Di Batas Lainnya

129 20 8
                                    

Di Satu Waktu di Hari Itu

"Yoebo..." panggil sang wanita paruh baya itu begitu memasuki kamar dan mendapati suaminya tengah duduk terdiam dengan wajah pucat. 

"Kenapa wajahmu pucat? Ada apa?" tanyanya lagi dengan wajah khawatir, lalu duduk di samping suaminya. 

Tak ada satu suarapun keluar dari suaminya, bahkan desah napasnya pun tak terdengar. Dia hanya duduk terpaku dengan tangan kanan menopang dahi yang dipijatnya pelan. 

"Ada apa yoebo? Sakitkah? Apa perlu ku panggilkan Dr. Park?" 

Masih juga tak ada jawaban. Tapi suaminya menoleh menatapnya langsung. Terlihat mata itu merah dan urat leher menegang seakan menunggu giliran untuk mencuat keluar. 

"여보, 무슨 일이야? 말해봐." (Yeobo, museun il-iya? malhaebwa.= Honey, what's wrong with you? Say something.)

"Aku baru saja bertemu dengannya." Suara suaminya terdengar serak, kasar, dan terasa sesak, seperti ada yang mencekat tenggorokannya. 

"Siapa? Siapa yang kamu temui?"

"Hammal. Richard Hammal." 

"Yeobo, apa maksudmu? Jangan seperti ini lagi. Kita sudah melupakan hal ini."

"Dia datang. Tapi bukan dia, tapi seperti dia. Dan aku melihat dirinya disitu."

"Apa maksudmu? Aku tidak mengerti." 

"Richard. Richard Hammal ada di dalam diri anak itu."

"Siapa? Anak yang mana yang kamu maksudkan?"

"Anaknya Richard. Dia ada disini, di rumah ini. Dia menemui Clarissa."

Dan wanita itu membungkam mulutnya sendiri dengan kedua tangannya. 

***

Joshua's POV

Apakah kamu pernah coba berbincang dengan masa lalu? Jika ya, apakah pernah dikatakannya kalau dia itu serupa deret geometri tak hingga bersifat divergen? Itu sejenis ilmu matematika tentang deret yang angkanya tidak memusat, bisa saja menyebar, berisolasi, atau bisa saja konstan, intinya tidak pernah menuju satu titik tertentu karena jumlahnya tidak terbatas. Seperti itulah masa lalu, yang saking tak berbatasnya, semua kenangan itu menyebar, menjadikan otak dan hatimu sebagai tempat isolasinya; kenangan-kenangan itu bersifat konstan karena memang mereka tidak akan pernah bisa berubah; dan tidak pernah menuju pada titik tertentu yang kita sebut "lepas dari masa lalu".  

Jika aku tanyakan seperti apa rupa masa lalu pada Clarissa, maka jawabannya pasti  ini, "Masa lalu itu serupa Hydra (mahkluk berkepala sembilan dalam Mitologi Yunani) yang jika kepalanya dipotong tetap akan terpasang kembali". Dan emang seperti itulah si masa lalu, yang entah dibuang di sisi diri manusia bagian manapun tetap saja muncul kembali, entah itu berupa kenangan atau bisa jadi karma.

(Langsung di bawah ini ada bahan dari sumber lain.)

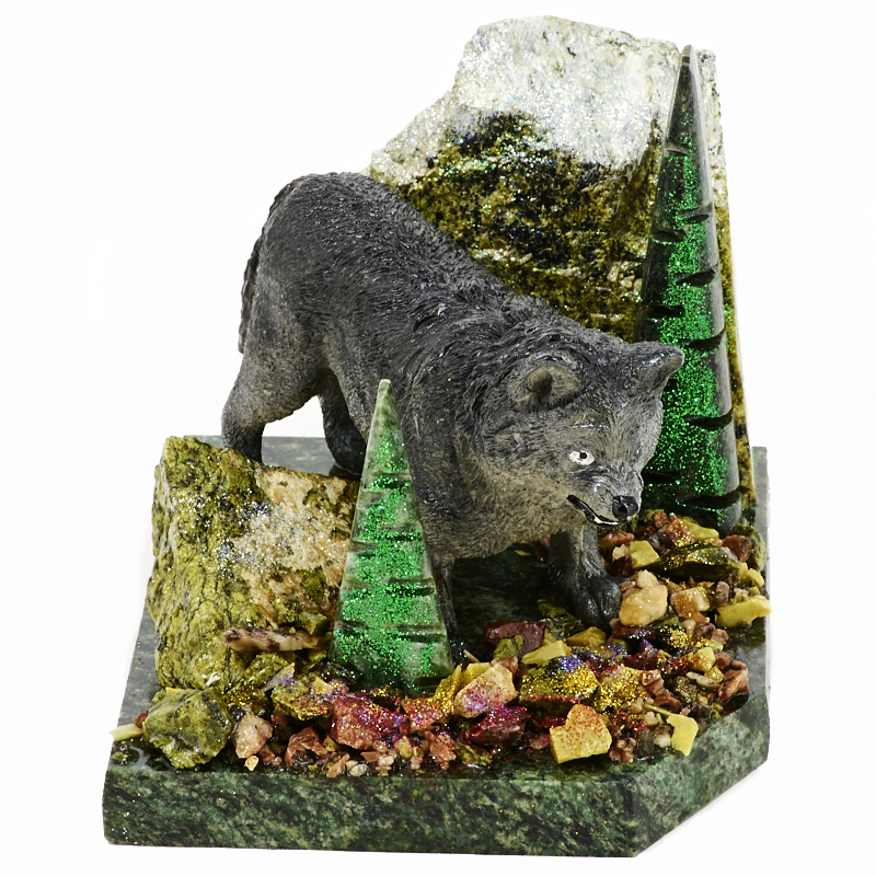Композиция из камня "Волк" Драгоценный камень змеевик, литьевой мрамор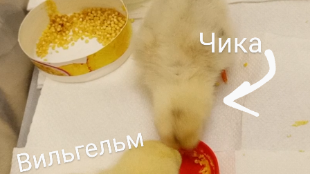 Цыплята кушают и свистят, пищат, щебечут одновременно.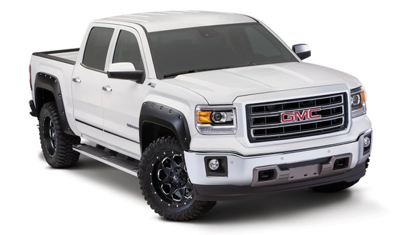 With their recessed stainless steel bolts and massive presence, Pocket Style Fender Flares are a Bushwacker original and an off-road icon. They give you the hard-core look of bolt-on flares, with no body-side sheet metal drilling required. Pocket Style Fender Flares are custom-designed for your vehicle to complement oversized tires and high-clearance lift kits. You can mount them right out of the box with their tough, OEM-style matte black finish they're UV protected so they won't chalk. You can also paint them to match or accent the body color for a factory-custom look. Pocket Style Fender Flares are made from our thick, warp-resistant Dura-Flex 2000 material and tailor-made for added durability and flexibility on the trail. When you need maximum tire coverage with minimum time and effort, it's in the pocket. Pocket Style Fender Flares from Bushwacker.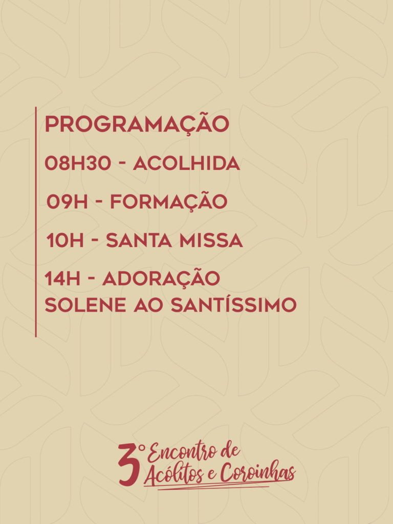 No próximo dia 17 de agosto, o Santuário de Santa Rita de Cássia será o cenário de mais um momento especial de fé, formação e comunhão: o 3º Encontro de Acólitos e Coroinhas.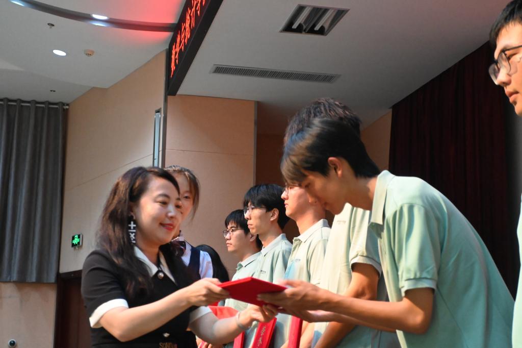 典礼随后举行了校友捐赠“数韵芳华”奖学金颁奖仪式。捐赠人王芳校友受邀为获奖学生颁发获奖证书并发言,表达了对母校、学院的感激,希望通过自己微薄之力反哺母校,助力学弟学妹快乐成长。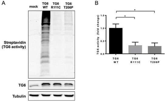 In vitro assay showing TG6 transamidase activity: (A) Western blotting analysis showed significantly compromised transamidase activity of the TGM6 T206P variant compared to wild-type TG6 protein. (B) Quantification of TG6 enzymatic activity from experiment shown in panel A. Graph, mean ± SEM, * p <0.05, one-way ANOVA with Tukey’s post hoc test. Y-Axis represents the fold change.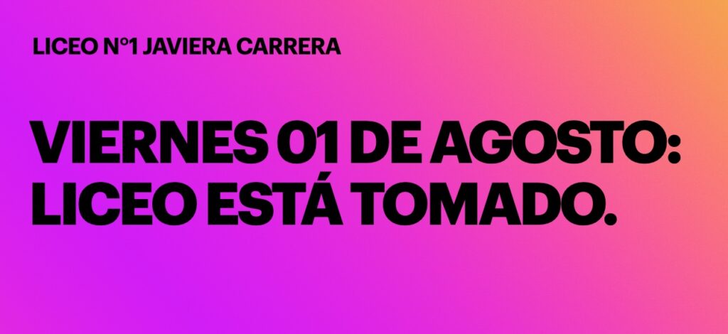 Estimada comunidad,  Informamos que el día de hoy a las 8:30 DICELU nos informa que el Liceo se encuentra en toma por decisión del estudiantado, respaldando dicha información en votaciones internas donde ganó la opción toma hasta el viernes. Es importante aclarar que aunque haya votación la toma del establecimiento está fuera de la normativa…

Dan begitulah masa lalu membuntuti kita sepanjang hidup. Bahkan sesuatu yang indah dalam sebuah kenangan, bisa saja jadi tak lagi indah, tergantung suasana hati kita kala membawa kenangan itu kembali ke saat kita tengah mengingatnya. 

Dan hari ini, saat ini. Kenangan itu mendadak berubah bentuk jadi tanaman Devil's Snare (Jerat Setan*), yang punya kekuatan memerangkap dan mencekik begitu kuatnya walaupun baru disentil sedikit saja. 

"Dude, you're okay?

Pertanyaan Rain sudah terulang kesekian kalinya, dan berlalu tanpa jawaban, karena aku tengah dalam kondisi memerangi si Jerat Setan. 

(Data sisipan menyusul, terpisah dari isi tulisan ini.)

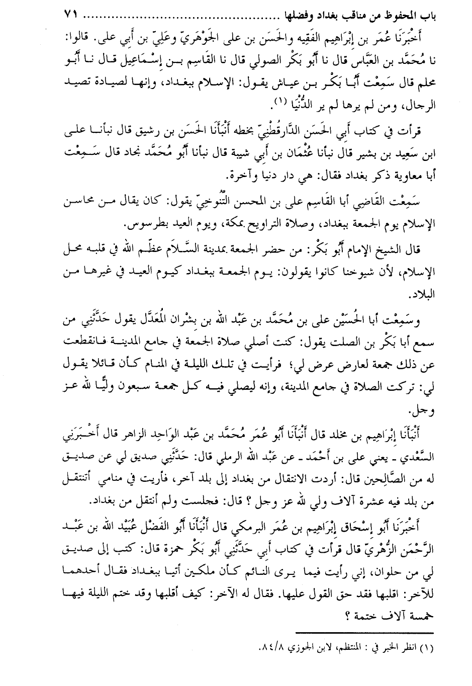 نا محمّد بن العبّاس قال نا أبو بكر الصولي قال نا القاسم بن إسماعيل قال نا أَبُو محلم قَالَ سَمِعْتُ أَبَا بَكْرِ بْن عَيَّاشٍ يَقُولُ: الإسلام ببغداد، وإنها لصيادة تصيد الرجال، ومن لم يرها لم ير الدنيا [1] .

"Lo kambuh lagi ni. Gue telpon James ya." 

Aku meraih tangannya dengan cepat sebelum dia mengambil handphone. Aku melangkah keluar dari ruangan itu dengan napas tersengal-sengal, padahal aku bahkan tidak berlari. Ketakutan kali ini jadi meningkat 5 kali lebih cepat, karena aku meninggalkan Clarissa yang malah menciptakan rasa khawatir bagi diriku, dan malah melangkah masuk ke jenis kekhawatiran lainnya, yang sebenarnya sudah bertengger lumayan lama.